Section 72(t) allows you to take money out of an IRA without penalty even though you're not 59 1/2 years old. The amount of the annual distributions is fixed based on the value of the account and your life expectancy. Each year, you must take out the specific amount -- no more and no less. These annual distributions continue every year until you turn 59 1/2 years old or you've been taking the substantially equal payments for at least five years, whichever is longer.
72(t) IRA Contributions Prohibited
Once you start your series of substantially equal periodic payments, you're not allowed to make any additional contributions to the account, including rollover contributions, direct transfers and annual contributions. However, right before you start the series, you're allowed to move money between accounts. For example, if you have just one IRA with $200,000 in it, but you only wanted $50,000 in the account from which you're taking the series of substantially equal payments, you could transfer $150,000 to a separate IRA so it wouldn't be affected.
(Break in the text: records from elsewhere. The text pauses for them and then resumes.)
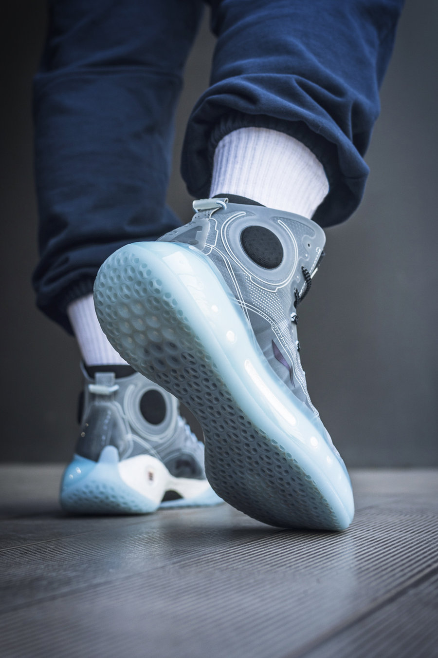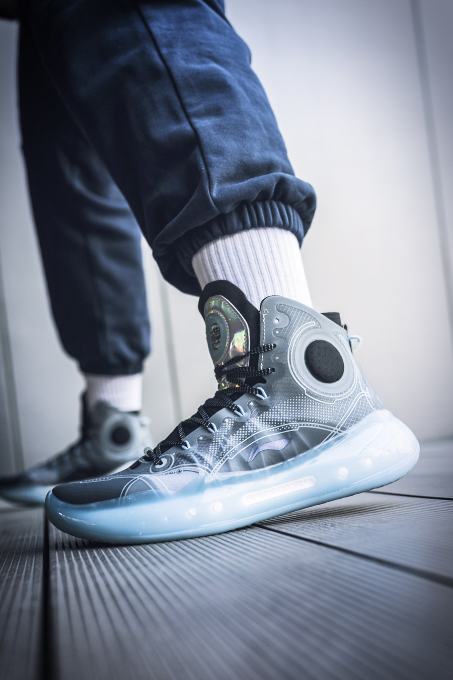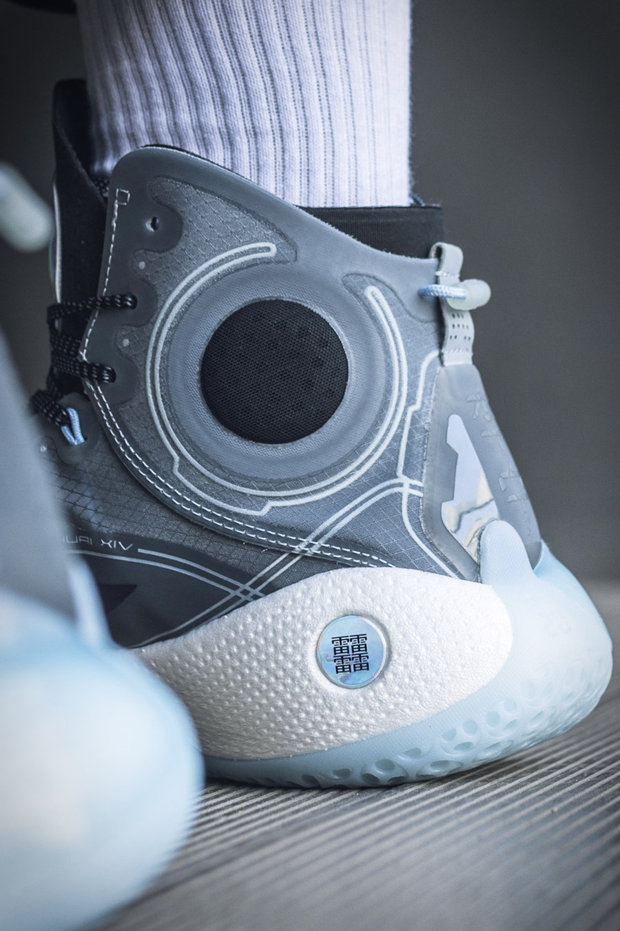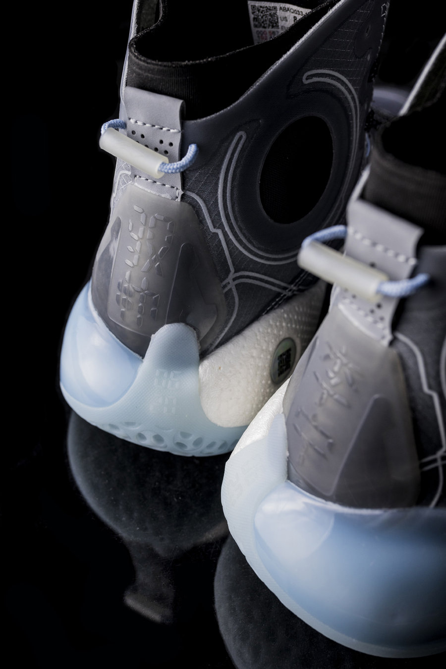 设计师孙明旭为了使鞋面比上一代更加细腻,大胆在篮球鞋上采用半透明纱线材质 Cool Shell。
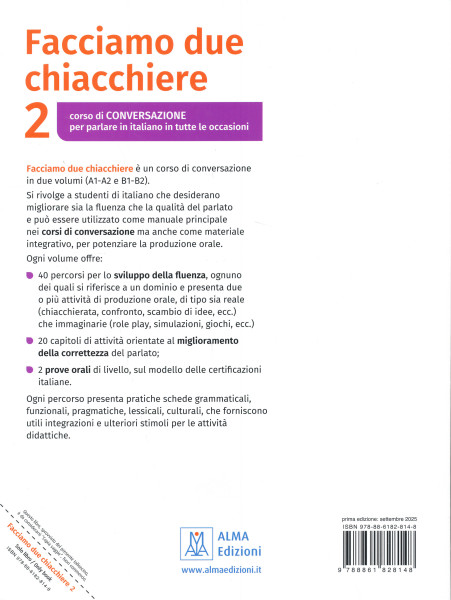 Facciamo due chiacchiere e un corso in due volumi che aiuta gli studenti a migliorare la fluenza e la correttezza nel parlato.
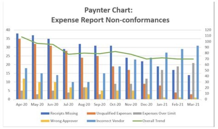A Paynter chart is a chart that combines characteristics of a pareto chart and a run chart. First introduced at Ford Motor Company, they are used when you want to compare multiple categories, most commonly over time.
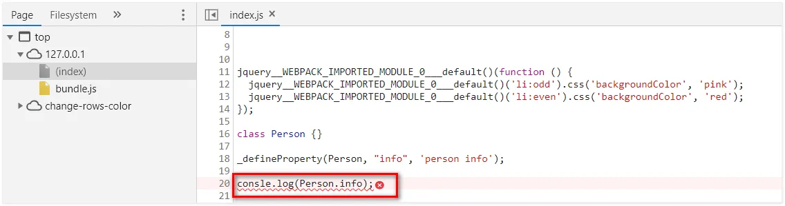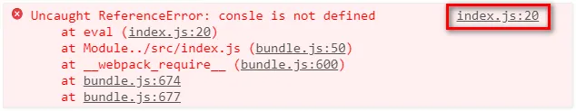 在开发环境下,webpack 默认启用了 Source Map 功能。当程序运行出错时,可以直接在控制台提示错误行的位置,并定位到具体的源代码:
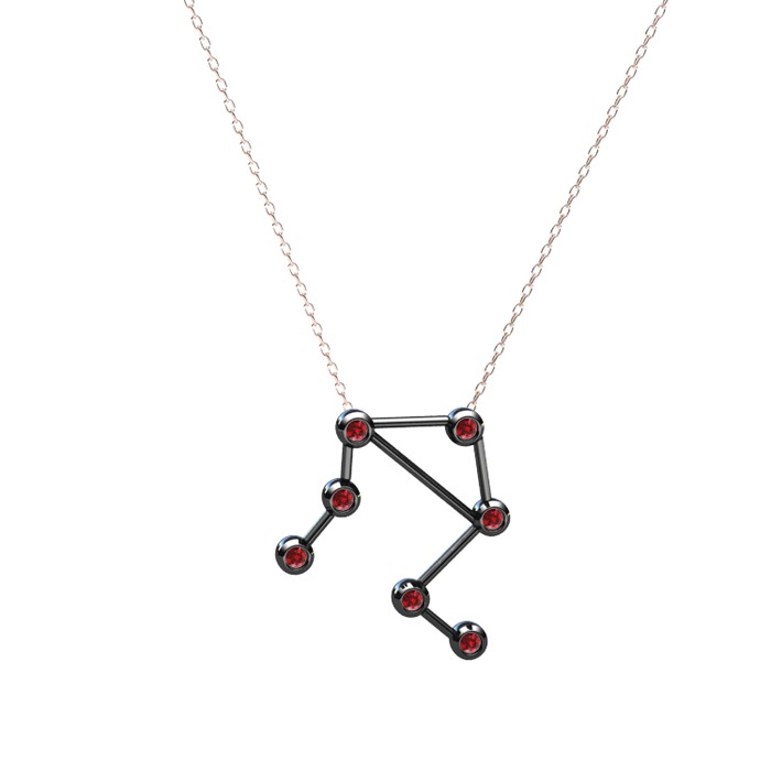 Garnet 925 ayar siyah rodyum kaplama gümüş kolye (40 cm rose altın rolo zincir)
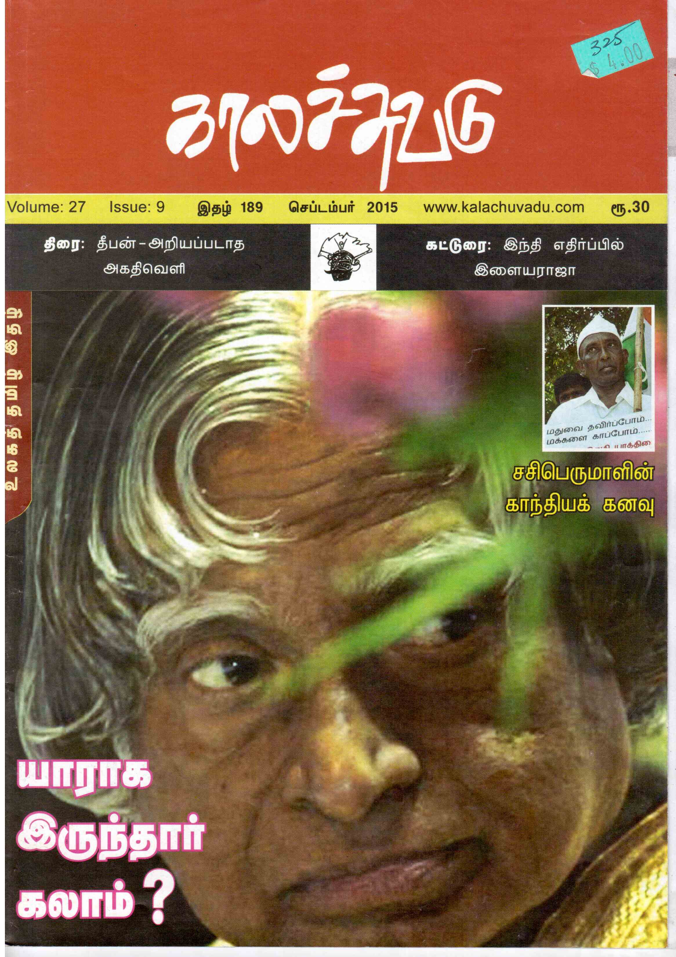 மாறாக, பாமினி பற்றி அலுத்துக்கொள்ளும் கண்ணனி காலச்சுவடு இதழ்களில்தான் இங்கே ரஞ்சகுமார் வைக்கின்ற குற்றச்சாட்டு நிகழுகின்றது. செப்ரம்பர் மாத காலச்சுவடையே எடுத்து நோக்குவோம். அதன் அட்டையில் “யாராக இருந்தார் கலாம்?”, “இந்தி எதிர்ப்பில் இளையராஜா” என்கிற இரண்டு கட்டுரைகளிலும் அரவுக்கு மேல் புள்ளியிடும் முறையே இருக்கின்றது. அது மட்டுமல்ல, செப்ரம்பர் மாத தீராநதி இதழை எடுத்துப் பார்த்தாலும் கூட, அதன் அட்டையிலேயே “நேர்காணல், நேர்கண்டவர், சிவகுமார், ஈழத்தமிழர், எதிர்ப்பும்” ஏகிய சொல்களில் அரவின் மேல் புள்ளியிடும் வழமையே தொடர்கின்றது. அதாவது ரஞ்சகுமார் “சொல்கின்ற எந்தவொரு பாடநூல் ஆசிரியரோ, பாடவிதான சபையோ இதை அங்கீகரிக்கப்போவதில்லை” என்பது மேலே குறிப்பிட்ட தமிழக இதழ்கள் பயன்படுத்துகின்ற எழுத்துருக்களுக்கே சாலப் பொருந்தும். அந்த அடிப்படையில் அவற்றுக்கான சரியான தீர்வு பாமினி என்பதை தர்க்கரீதியாக நேரடியாக விளங்கிக்கொள்ளலாம். மேலதிக விளக்கத்திற்காக இந்த இரண்டு இதழ்களின் அட்டைப்படத்தையும் இத்துடன் இணைத்துள்ளேன்:
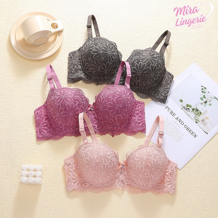 [Mira Lingerie] Bra Women Plus Size Push Up Lace Wired Baju Dalam Wanita Saiz Besar Renda Berdawai 女士内衣聚拢型文胸蕾丝有钢圈加大码胸罩
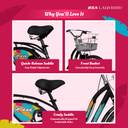 Add a splash of fun, colour, and convenience to your rides with the BSA Ladybird Splash 24T. Designed for young girls and women, this trendy bicycle combines comfort, durability, and style, making it the perfect companion for daily commutes, leisure rides, or fun outings with friends. Built with a low step-through frame, the Splash ensures easy mounting and dismounting, while its vibrant graphics bring out a lively and youthful vibe. The cycle is equipped with comfortable cushioned saddle, broad mudguards, and non-slip pedals, ensuring safe and hassle-free rides. Its sturdy build quality guarantees long-lasting performance, while the colorful design adds a touch of personality wherever you go.
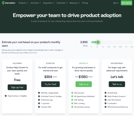 Chameleon’s pricing is based on your product’s monthly users. From the Startup plan (for small companies to get started and save) to the Growth and Enterprise plans (for larger organizations with advanced requirements) billed via invoice.
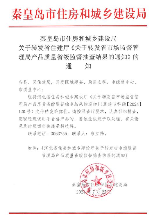 近日,秦皇岛市住建局官网发布消息转发省住建厅《关于转发省市场监督管理局产品质量省级监督抽查结果的通知》,要求各县、区住建局,开发区城建委,局质安科、市绿建中心、市质量中心:
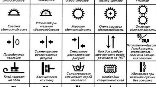 В данной статье будет подробная расшифровка всех обозначений на обоях, имея такие знания вам проще будет посчитать необходимое количество рулонов, узнать из какого материла они изготовлены, какие обои лучше покупать для декорирования разных помещений, какой необходим уход в дальнейшем и т. д. Внизу статьи будет таблица. Начну со значков волна (влагостойкость) - это обои, которые можно клеить в помещении с повышенной влажностью и конечно мыть в перспективе. 1 волна — водостойкие не боятся попадания воды их легко можно почистить влажной салфеткой или губкой без моющих средств...
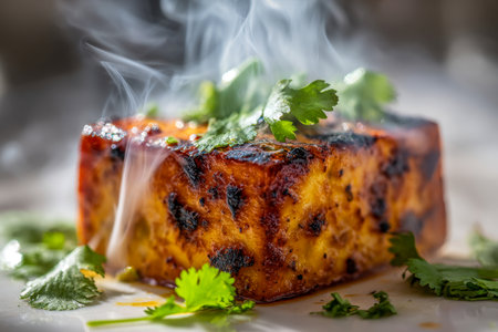 Juicy, spice-infused paneer sizzling hot, topped with vibrant cilantro sprigs, and gently steaming, set against a textured, earthy wooden background.
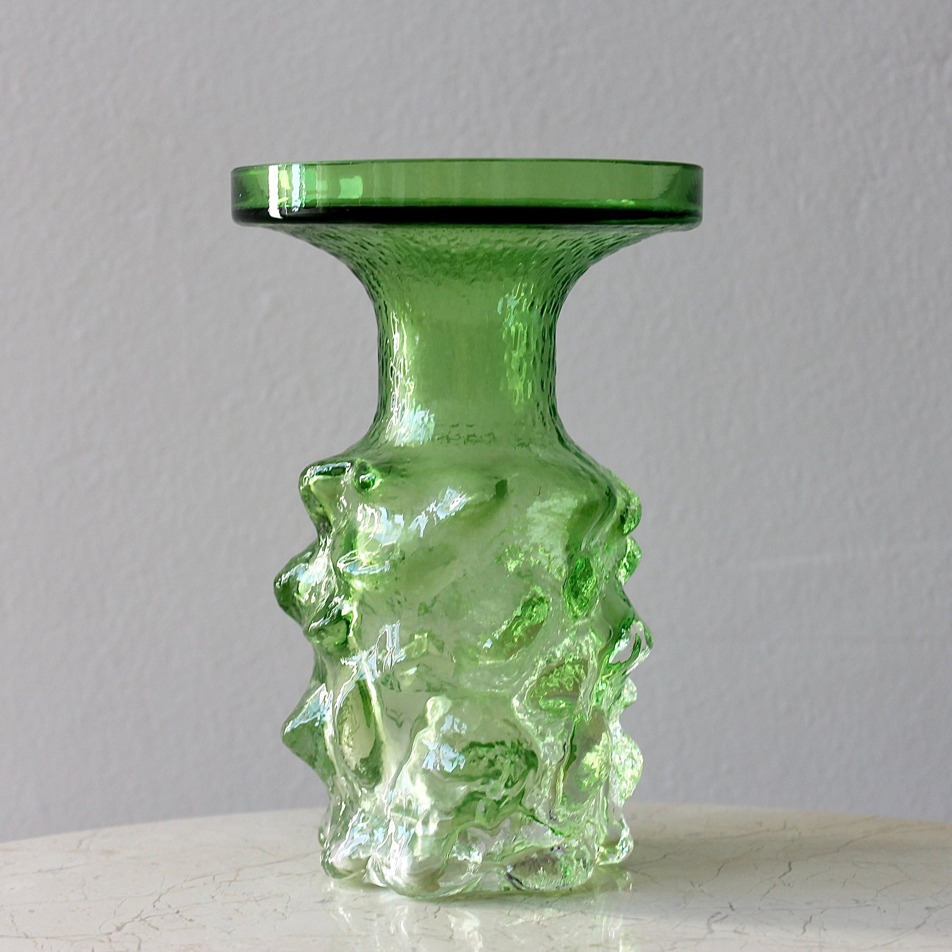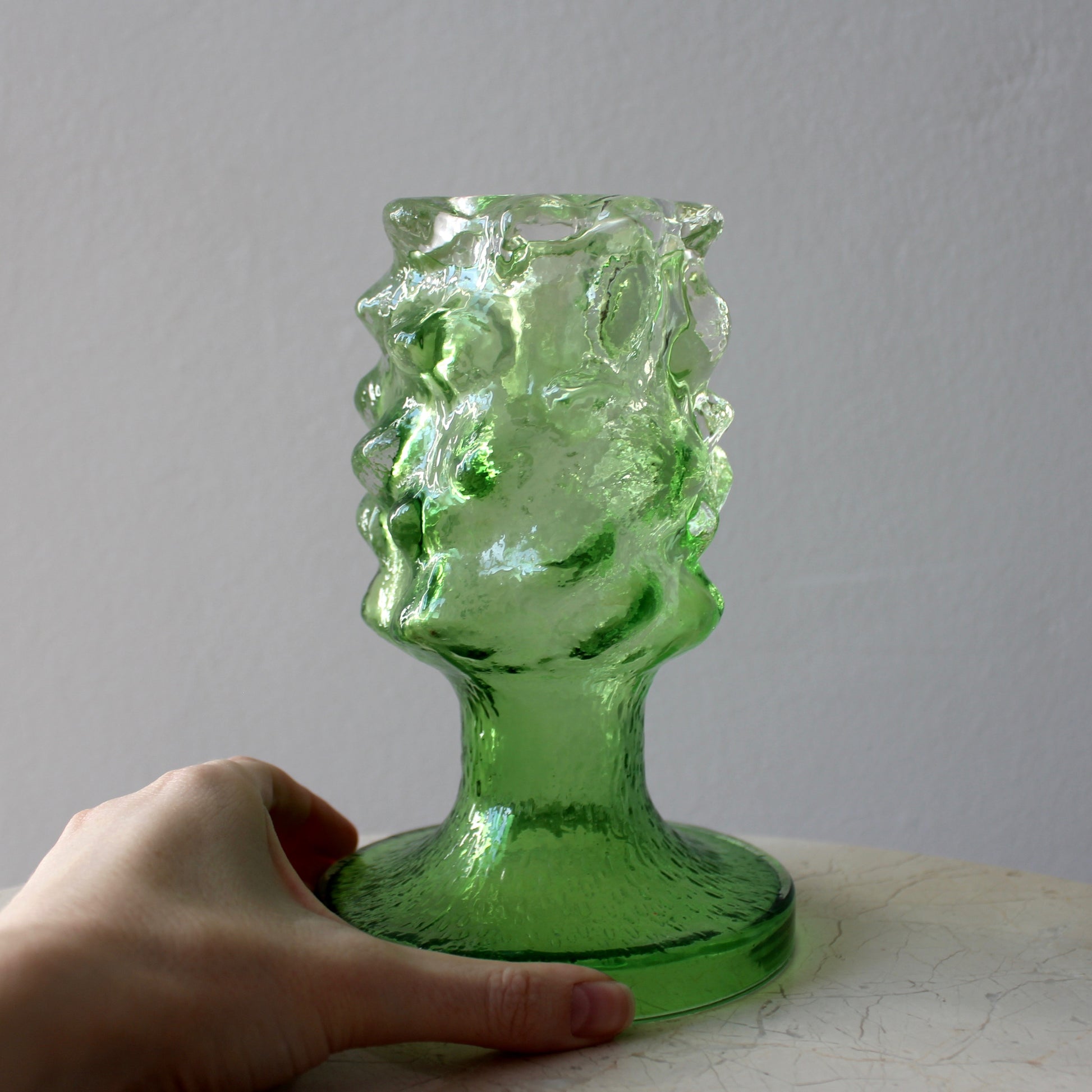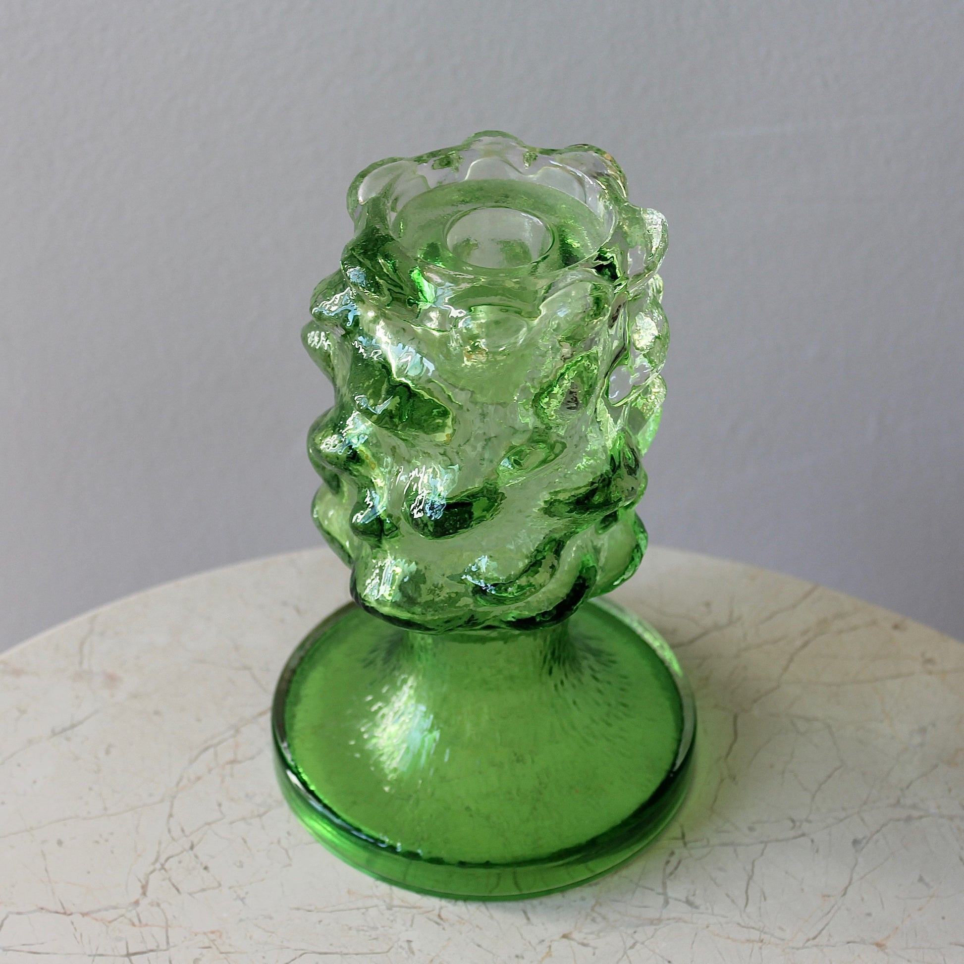 This fun piece from the 70s features solid mould-blown crystal in ombre lime-green tones. The interesting design doubles as both a candle holder and vase with separate cavities, and can be placed either way up to serve a different function!

Other IRA Contributions Permitted
If you have multiple IRAs and you're only taking 72(t) distributions from one of them, you can make your annual IRA contributions by contributing to a different IRA. For example, say you have one IRA at Bank A, another at Bank B and another at Bank C. If you're taking 72(t) distributions from your IRA at Bank A, you can make your annual contributions to your IRAs at Bank B or Bank C without penalty, even though you're not allowed to add any money to the IRA at Bank A.
Open New IRA
If you only have one IRA and you're currently taking a series of substantially equal distributions from it, you can't contribute to it. To get around this limit, simply open a second IRA account. Even though the contribution limit applies to all of your IRAs put together, there's no limit to the number of separate accounts you can have at one time. Once you've opened your second account, you can fund it with annual contributions, but you're still prohibited from adding to or subtracting from the first IRA that you're using for the 72(t) distributions -- aside from the subtraction of equal distributions.